I am sure I love to read today because it started out enjoyable. Although reading later was somewhat difficult, I continued to enjoy it.
One point that parents might take away from my experience is the age they place their child in kindergarten. I wish my parents would have waited for me to be older before placing me in school. I have a late birthday, was always the youngest in my class, and I think that’s why I sometimes struggled in school.
While I am against retention, I think Redshirting, waiting until a child is older, or, as old, as their peers, might be appropriate. Of course, it would depend on the child.
I could also have mild learning disabilities that were never diagnosed. While reading was fun, math was a different story.
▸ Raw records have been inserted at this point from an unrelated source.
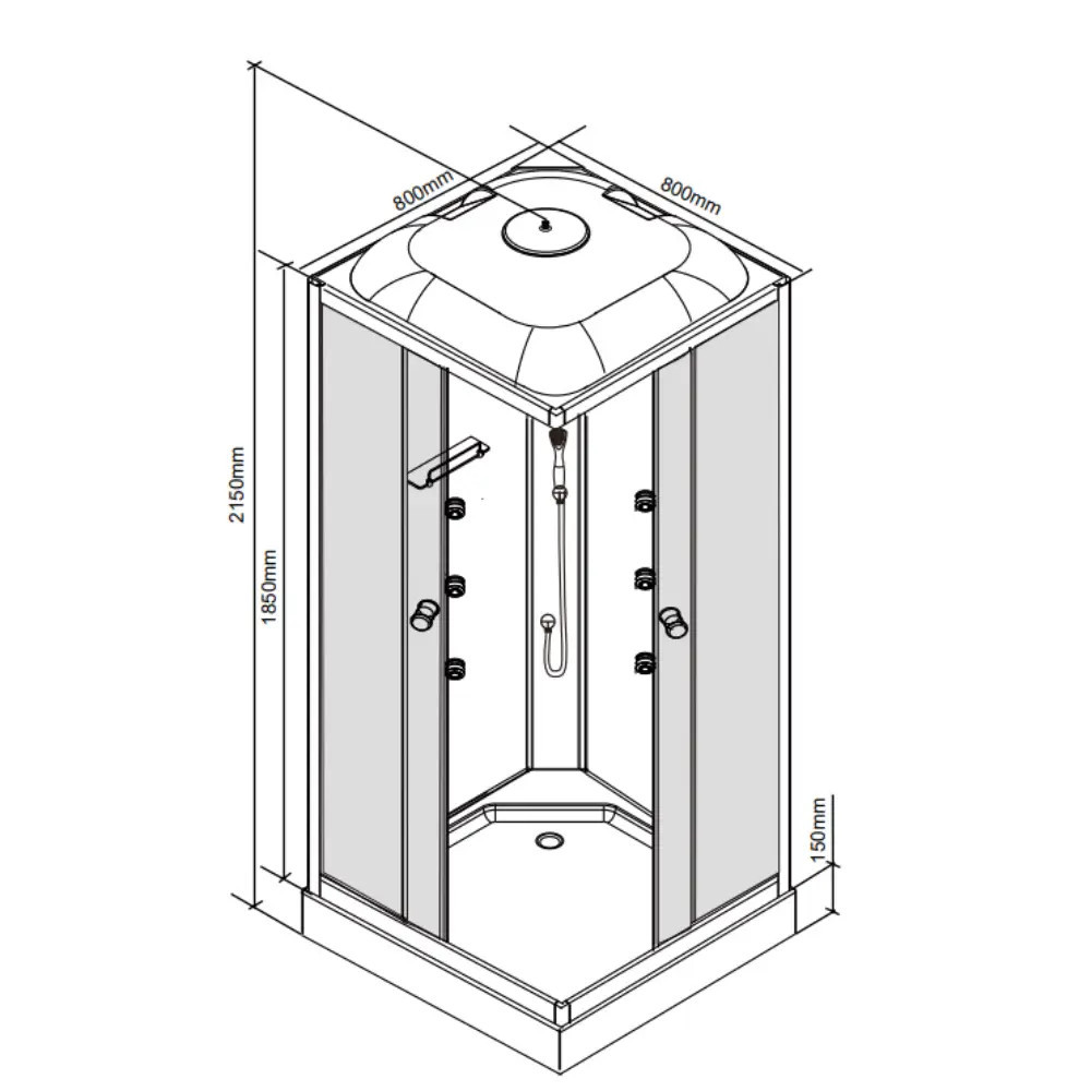 Utilizare: recomandată pentru băi de apartament sau spații compacte, unde vrei o cabină completă, ușor de întreținut, cu funcții de relaxare. Pentru rezultate optime, curăță periodic sticla și profilele cu soluții dedicate pentru cabine de duș.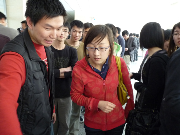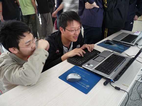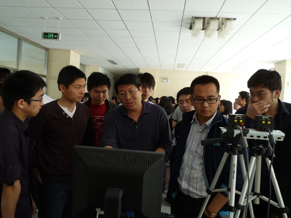 其中,“基于增強現(xiàn)實的廣場慶典互動式創(chuàng)意設計系統(tǒng)”展臺最為火熱,直觀逼真的展示方式吸引了眾人的眼球,以增強現(xiàn)實實現(xiàn)的廣場慶典、北京奧運會開幕式的擊缶表演模擬讓在場的每位同學都目瞪口呆。同學們一方面驚訝于屏幕上顯示的逼真效果,一方面積極向作者詢問相關技術及設計思路。由于參賽同學均為軟件學院2006級本科生,大家交流起來更加方便、更加順暢。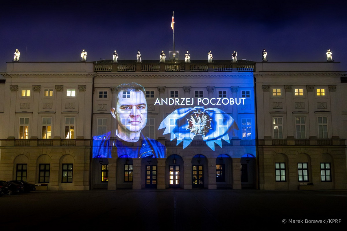 A projection of a photo of political prisoner and journalist Andrzej Poczobut appeared on the Presidential Palace in Warsaw. The image was published by the Chancellery of the President of Poland.
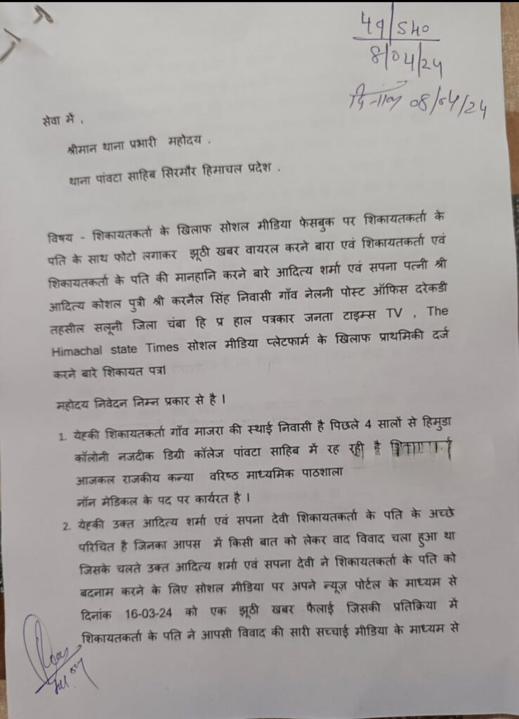कथित महिला पत्रकार ने पुलिस के अधिकारियों का भी झूठा ब्यान अपनी सोशल मीडिया  फेक वैब पर डाल दिया जिसको लेकर पुलिस अलग से रिपोर्ट दर्ज कर चुकी है। पांवटा पुलिस थाना प्रभारी अशोक चौहान ने मीडिया कर्मियों को बताया कि उन्होंने किसी सोशल मीडिया पर कोई बयान जारी नहीं किया है यह बिल्कुल गलत बयान उनकी ओर से प्रकाशित किया गया है इस पर भी पुलिस कार्रवाई कर रही है। फिलहाल कोई मामला दर्ज नहीं किया गया है।

Still, I took all the tough classes in high school, I tried my best, and managed to do O.K. I have always loved to learn.
My grades were never great in high school, but in college I taught myself how to study. My grades soared!
If you’d like to share some ideas about how you learned to read, and what it might mean for children today, please feel free.
It would be especially nice to hear some positive stories about teachers who helped teach reading since it is Teacher Appreciation Week.
If you still can’t read well, don’t be embarrassed. Find help. It’s never too late to learn how to read, or, be better at it.